BEGIN DATA TO EXAMINE

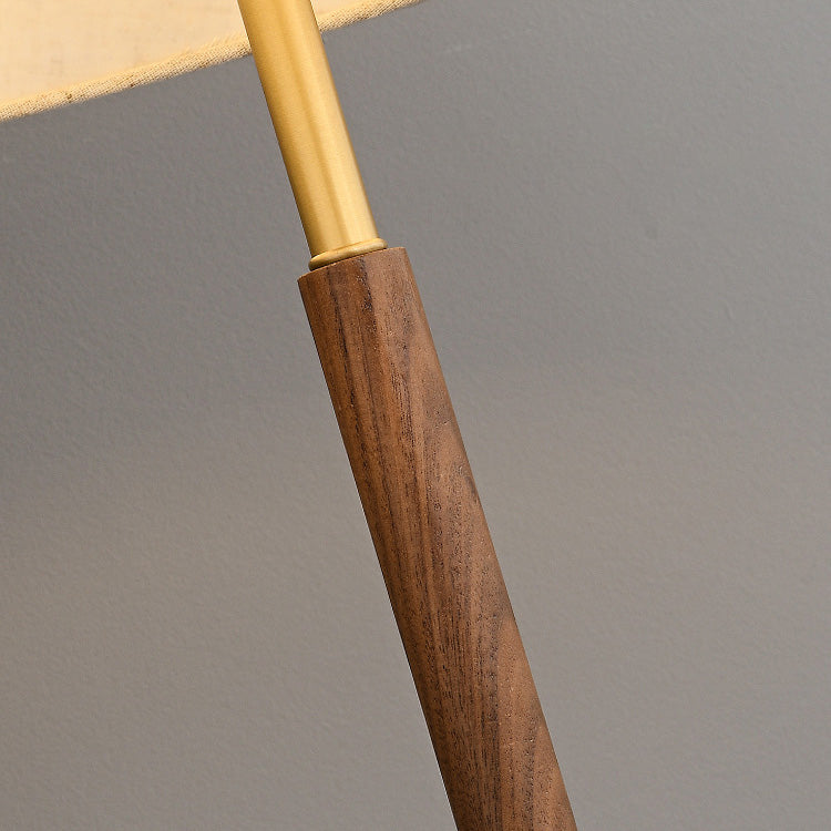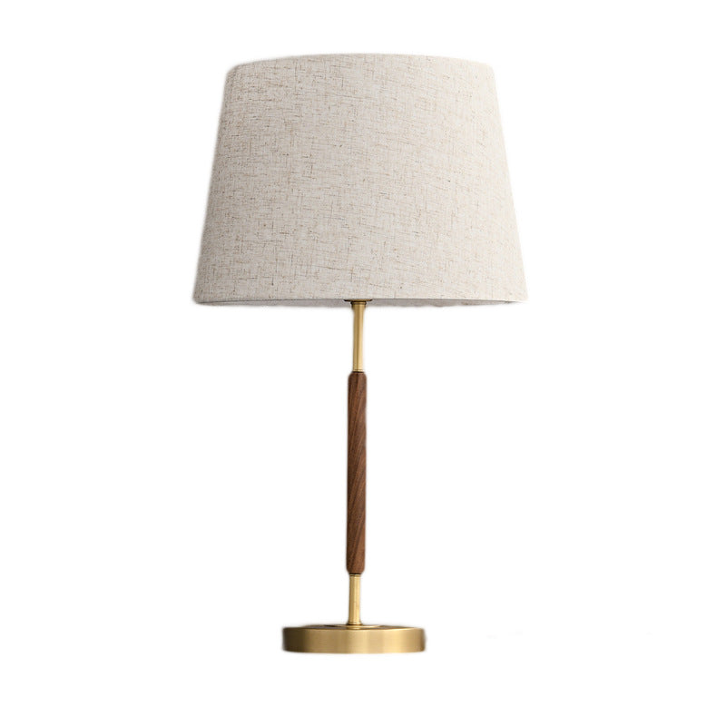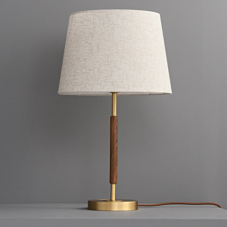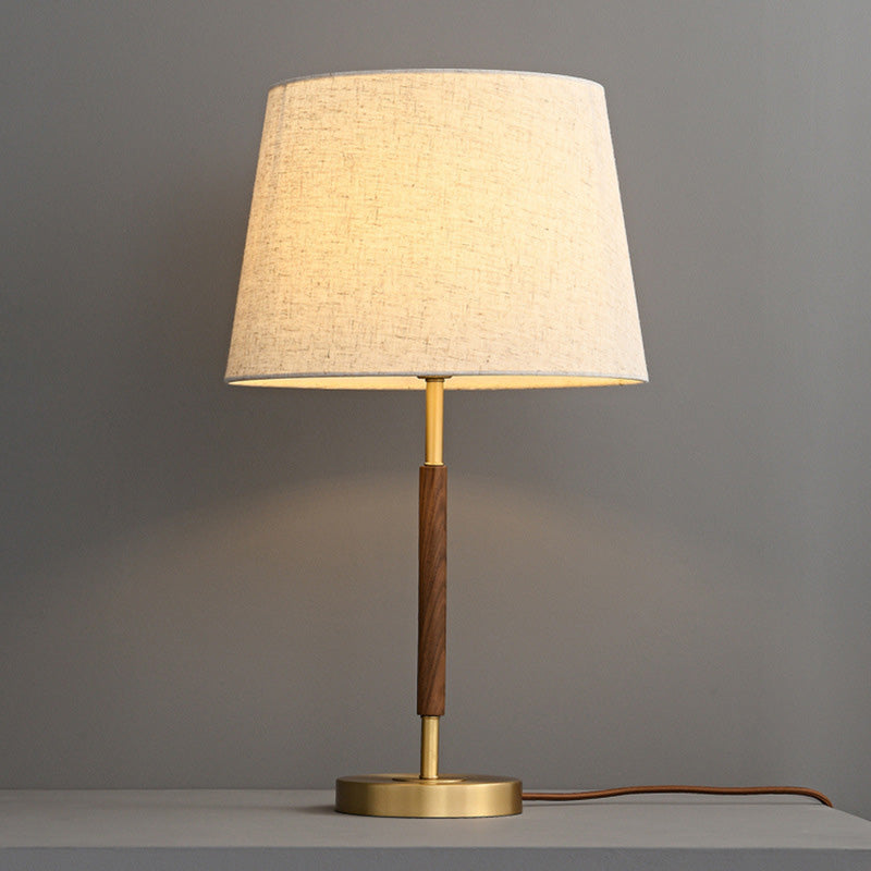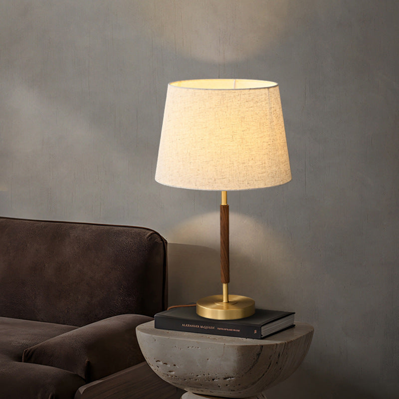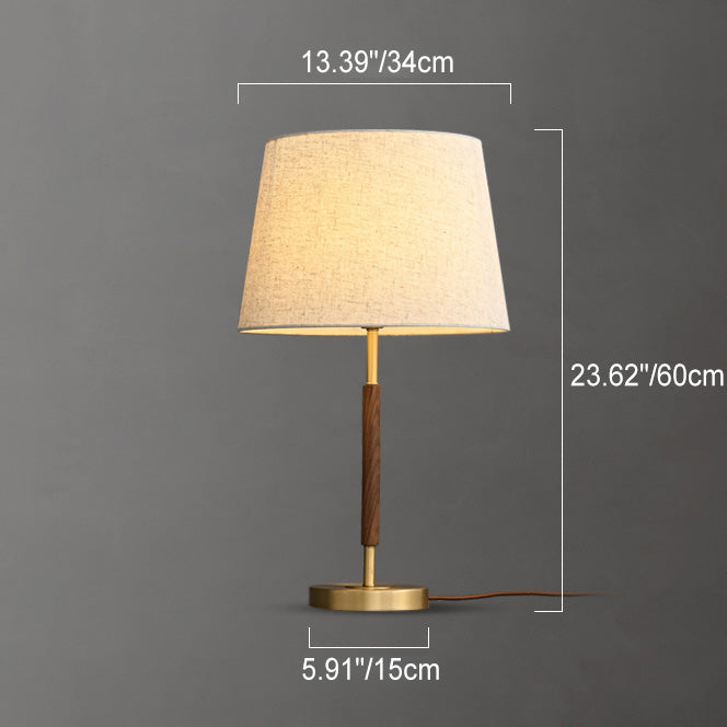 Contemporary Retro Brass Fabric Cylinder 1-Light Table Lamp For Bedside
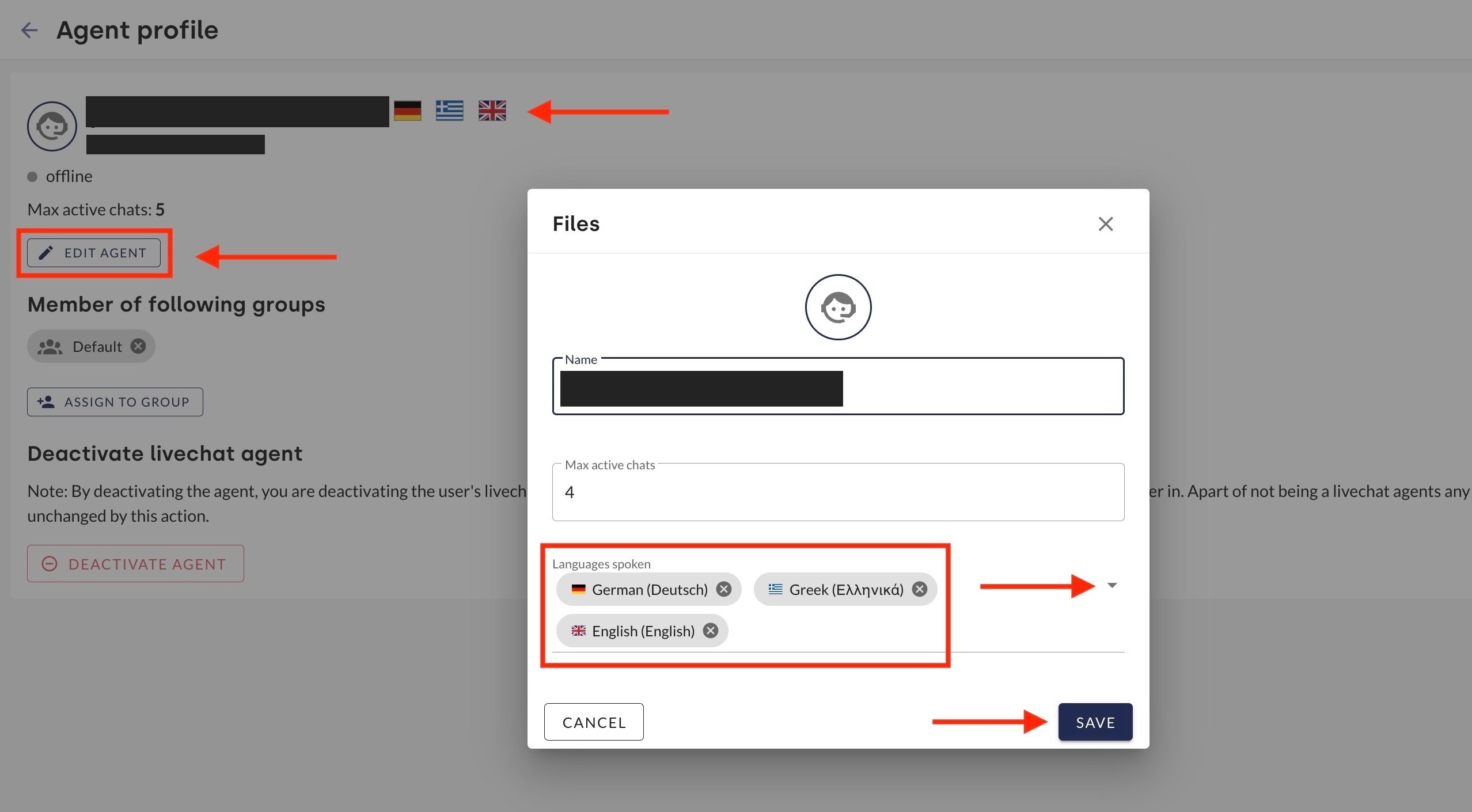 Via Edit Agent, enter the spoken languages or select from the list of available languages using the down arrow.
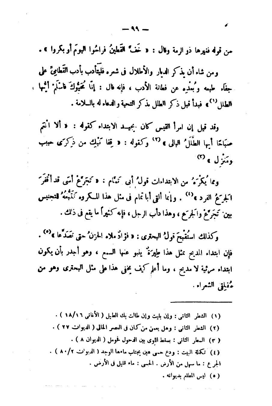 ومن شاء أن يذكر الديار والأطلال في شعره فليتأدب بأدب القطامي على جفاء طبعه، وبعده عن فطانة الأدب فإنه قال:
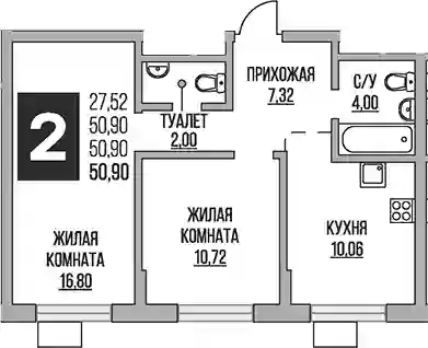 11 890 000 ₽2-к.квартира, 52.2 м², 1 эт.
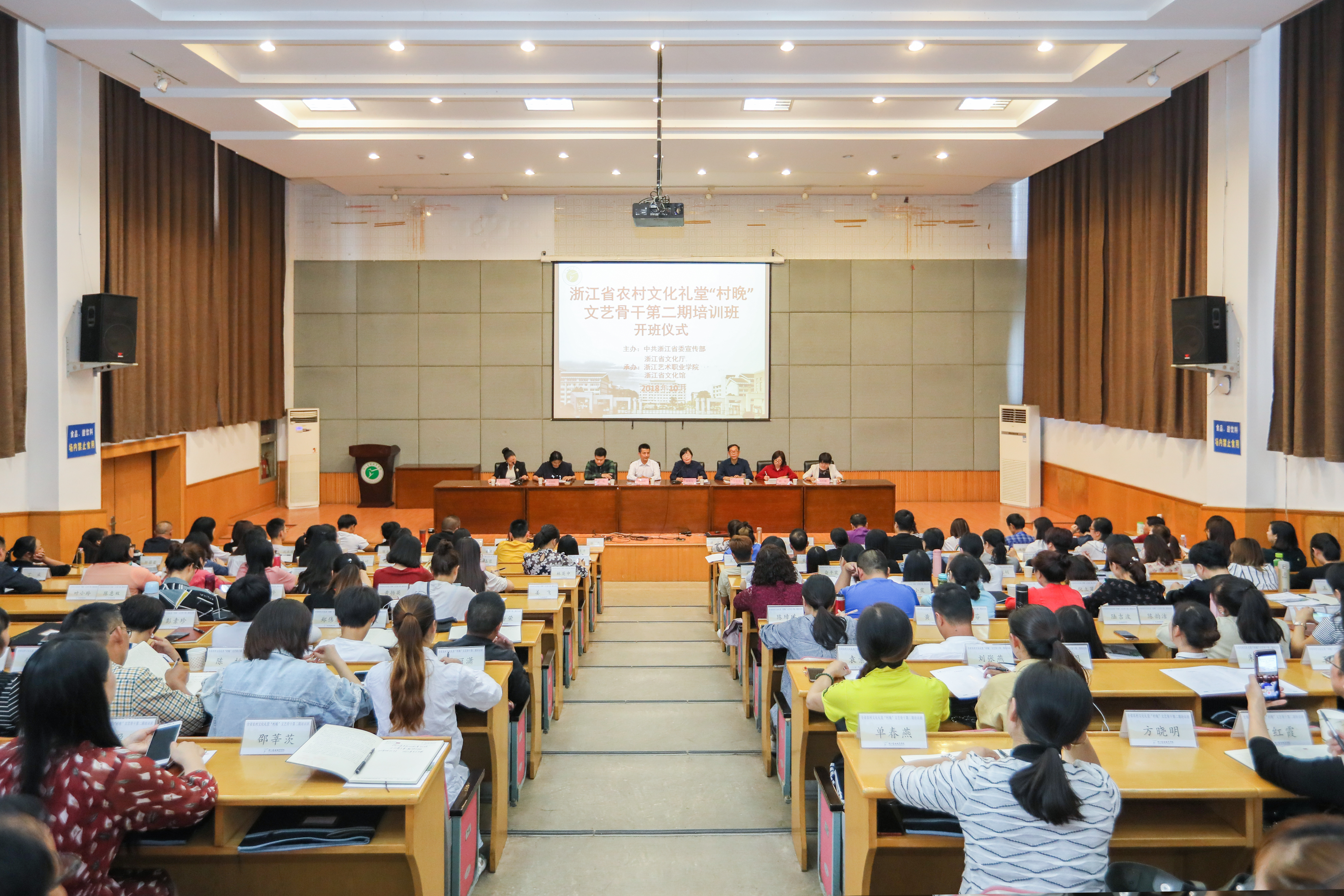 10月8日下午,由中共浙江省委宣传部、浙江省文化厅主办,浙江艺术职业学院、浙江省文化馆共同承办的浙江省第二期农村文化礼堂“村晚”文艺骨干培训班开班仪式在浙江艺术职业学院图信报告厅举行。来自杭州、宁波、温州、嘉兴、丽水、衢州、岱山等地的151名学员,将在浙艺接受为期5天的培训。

END DATA TO EXAMINE

__DIRECTIONS__. Nothing but the lines from the one with "ومن شاء أن يذكر" up to and including the one with "11 890 000 ₽2-к.квартира, 52.2 м², 1 эт." should be printed, exactly as they read above. Please keep the pictures out.

__COMPLETED TASK__.
 ومن شاء أن يذكر الديار والأطلال في شعره فليتأدب بأدب القطامي على جفاء طبعه، وبعده عن فطانة الأدب فإنه قال:
 11 890 000 ₽2-к.квартира, 52.2 м², 1 эт.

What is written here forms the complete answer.